Task requirements
Within the entries below, please retype exactly the lines starting with the line that has "moha. Der Verein" and going on through the line that has "Área total do", but not the pictures.

Dataset
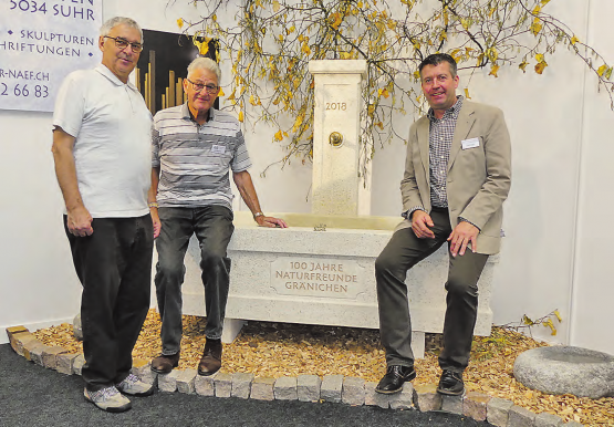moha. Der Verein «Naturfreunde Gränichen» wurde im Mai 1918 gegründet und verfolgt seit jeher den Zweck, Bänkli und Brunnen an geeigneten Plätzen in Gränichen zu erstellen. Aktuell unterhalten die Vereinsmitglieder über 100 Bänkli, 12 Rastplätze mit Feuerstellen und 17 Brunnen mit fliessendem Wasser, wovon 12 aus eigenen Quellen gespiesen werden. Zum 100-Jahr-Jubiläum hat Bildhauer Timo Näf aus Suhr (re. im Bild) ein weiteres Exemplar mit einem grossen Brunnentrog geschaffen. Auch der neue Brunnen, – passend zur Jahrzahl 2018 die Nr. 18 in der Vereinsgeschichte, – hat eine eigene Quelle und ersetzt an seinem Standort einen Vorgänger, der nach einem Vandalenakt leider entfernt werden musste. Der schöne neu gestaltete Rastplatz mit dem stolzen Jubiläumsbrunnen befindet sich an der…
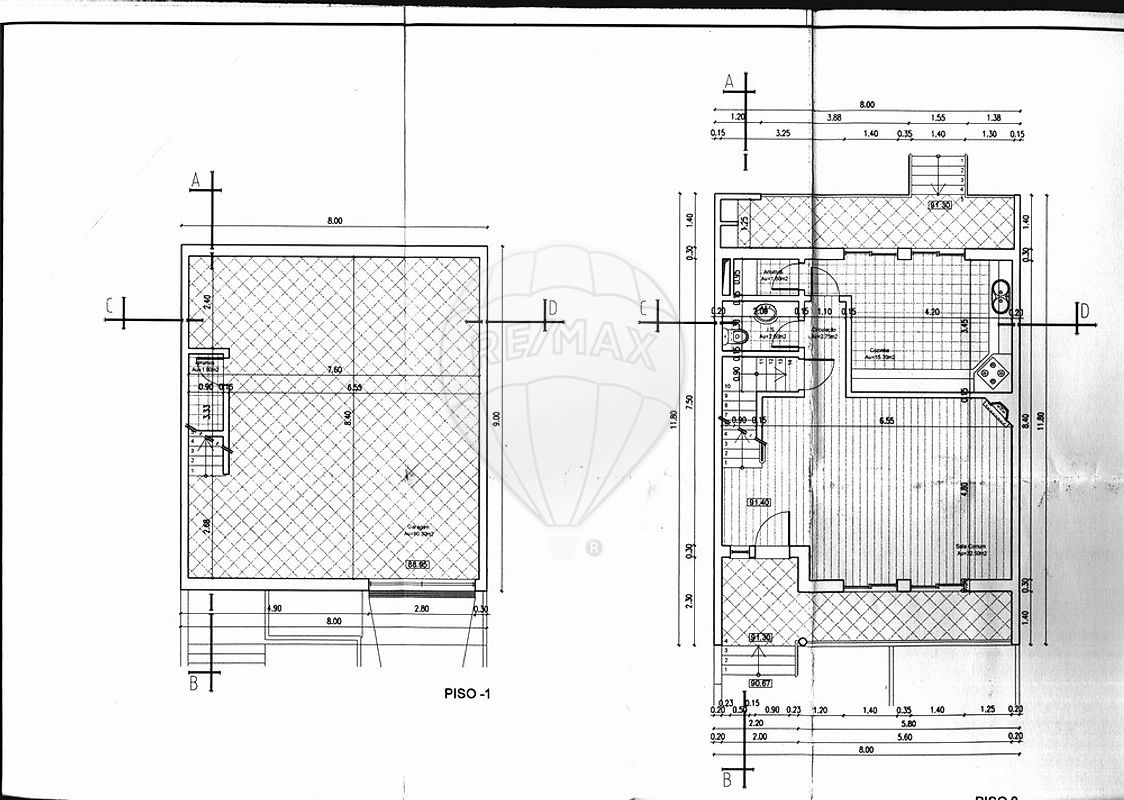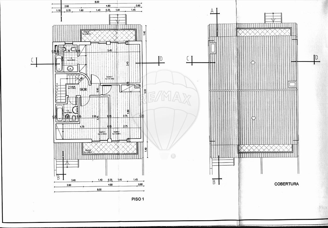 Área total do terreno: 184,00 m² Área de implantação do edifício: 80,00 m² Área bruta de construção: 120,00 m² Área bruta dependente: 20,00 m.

--

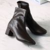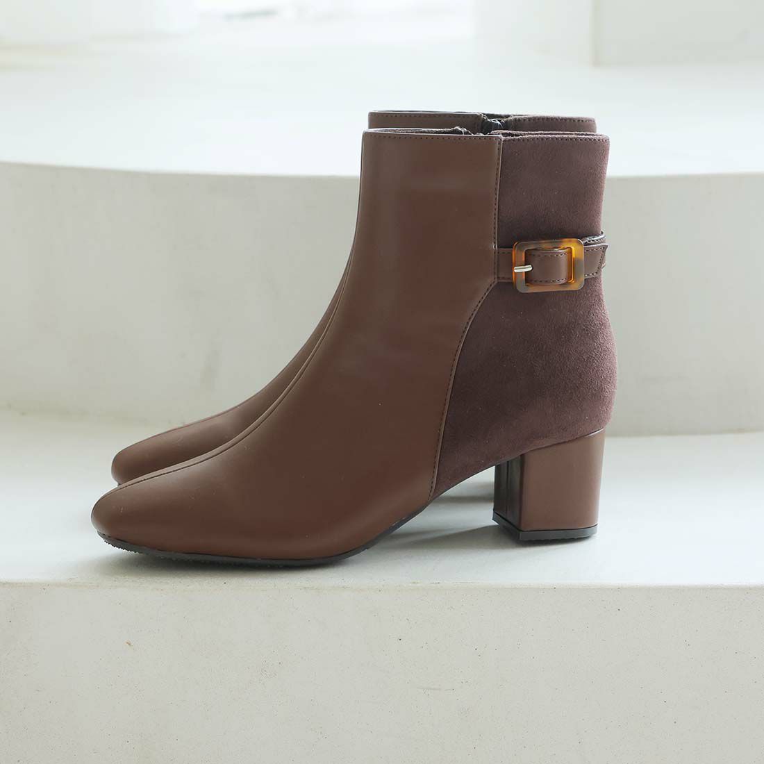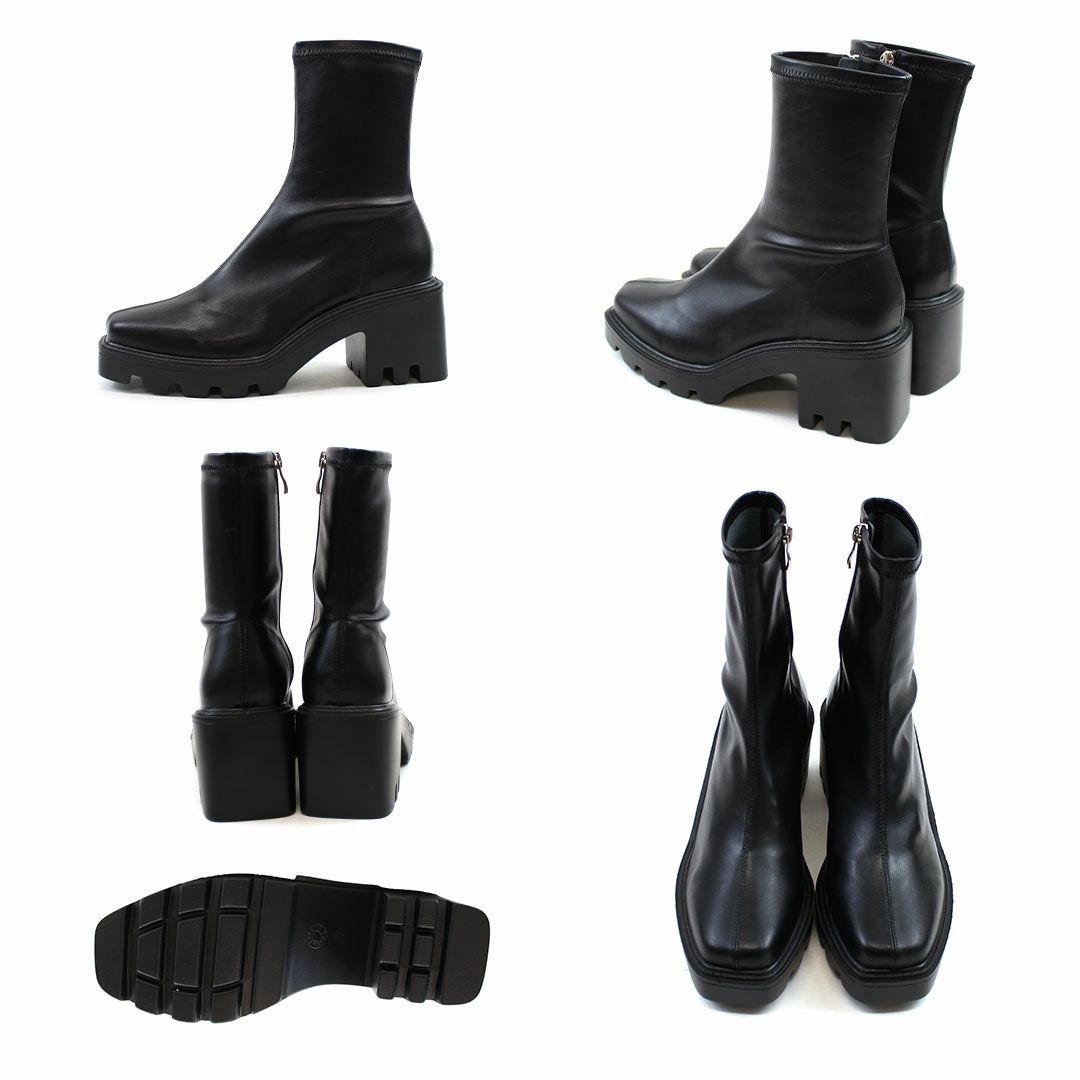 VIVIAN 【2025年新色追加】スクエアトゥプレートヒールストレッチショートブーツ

Written answer
moha. Der Verein «Naturfreunde Gränichen» wurde im Mai 1918 gegründet und verfolgt seit jeher den Zweck, Bänkli und Brunnen an geeigneten Plätzen in Gränichen zu erstellen. Aktuell unterhalten die Vereinsmitglieder über 100 Bänkli, 12 Rastplätze mit Feuerstellen und 17 Brunnen mit fliessendem Wasser, wovon 12 aus eigenen Quellen gespiesen werden. Zum 100-Jahr-Jubiläum hat Bildhauer Timo Näf aus Suhr (re. im Bild) ein weiteres Exemplar mit einem grossen Brunnentrog geschaffen. Auch der neue Brunnen, – passend zur Jahrzahl 2018 die Nr. 18 in der Vereinsgeschichte, – hat eine eigene Quelle und ersetzt an seinem Standort einen Vorgänger, der nach einem Vandalenakt leider entfernt werden musste. Der schöne neu gestaltete Rastplatz mit dem stolzen Jubiläumsbrunnen befindet sich an der…
 Área total do terreno: 184,00 m² Área de implantação do edifício: 80,00 m² Área bruta de construção: 120,00 m² Área bruta dependente: 20,00 m.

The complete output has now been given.